Slightly recovering from shock, Caroline murmured, "I… I have to call my parents first."
"Of course. Do you need a phone?"
"No, thank you." Caroline reached her shaking hand into her purse and retrieved her cell phone. Her parents had said to use it only for emergencies. This most certainly qualified as an emergency. She dialed her home phone number and held the phone up to her ear.
"Hello?" her mother's voice said.
"Mom, it's Caroline."
"What is it, honey?"
Caroline gulped back tears. "Ruth and Lora were sh… shot just now. The police, they want me to come to the station and answer some questions."
"Oh, lord! Go right ahead with them. We'll meet you at the station." Click.
Caroline shut her cell phone. "I can come with you."
"Good." Caroline climbed into the back of the police car.
The police car pulled up at the station, and the officer escorted Caroline into a blasé room. The hard gray carpeting and plain beige wallpaper reminded Caroline a lot of herself. She sat down in one of the two wooden chairs that sat opposite each other at a black table.

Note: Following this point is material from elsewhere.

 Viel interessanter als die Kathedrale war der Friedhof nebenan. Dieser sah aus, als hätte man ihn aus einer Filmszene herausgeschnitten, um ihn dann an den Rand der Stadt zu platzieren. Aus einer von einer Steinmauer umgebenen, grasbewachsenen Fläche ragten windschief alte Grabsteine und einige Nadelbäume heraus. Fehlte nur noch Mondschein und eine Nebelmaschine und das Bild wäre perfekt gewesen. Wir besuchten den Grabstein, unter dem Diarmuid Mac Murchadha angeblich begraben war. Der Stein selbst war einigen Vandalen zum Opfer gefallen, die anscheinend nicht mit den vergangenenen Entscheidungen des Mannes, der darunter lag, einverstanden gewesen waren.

A different police officer sat in the other chair and began to ask her questions such as "What exactly happened?" and "Can you give us any details about the killer?" Caroline answered the questions to the best of her ability, and then she was permitted to leave.
Caroline's parents were waiting for her in the station's lobby. They hugged her and kissed her, glad that the killer's bullets had missed her. She took their affection with indifference and allowed herself to be led to the car.
When she reached home, the first thing Caroline noticed was that the TV was on in the living room. It was turned to the local news, which was covering the story of the shooting.
The reporter, looking amazingly neat and prim amidst all of the chaos, said, in a grave voice, "I have just received word that both Lora Greene and Ruth Flanagan were just declared dead by the doctors at Hartford Hospital."
"I'm so sorry, honey," her father said, coming up behind her. Caroline just ran up to her room and locked the door behind her. All night, the sound of her sobs could be heard whenever someone passed her door.
The priest had suggested that Caroline give a speech in memory of her dear friends, but she wasn't much of a public speaker and wasn't about to start now. Instead, Caroline stood closest to the coffins, crying. It was an odd sight for her classmates, because most of them had just seen her vacant shell. They had subconsciously believed that Caroline Winters was incapable of feeling emotion, or, at the very least, showing it.
The coffins were lowered into the holes dug into the ground and covered with dirt. People began to leave, but Caroline stayed. One girl, very much like Caroline, named Penelope strode up to her.
"They wouldn't want you to be so worked up about this," Penelope said softly.
"That is what everyone says," Caroline sobbed, "but I find it so hard to believe them."
"I know that it feels as if a part of you has been cut away, but the wounds will heal in time."
"There will still be scars."
"No one expects any less." She put her arm around Caroline. "Come on, it's time to let them rest in peace."
"I suppose so." As Caroline and Penelope walked together out of the cemetery, Ruth and Lora watched, glad that their friend wouldn't be alone.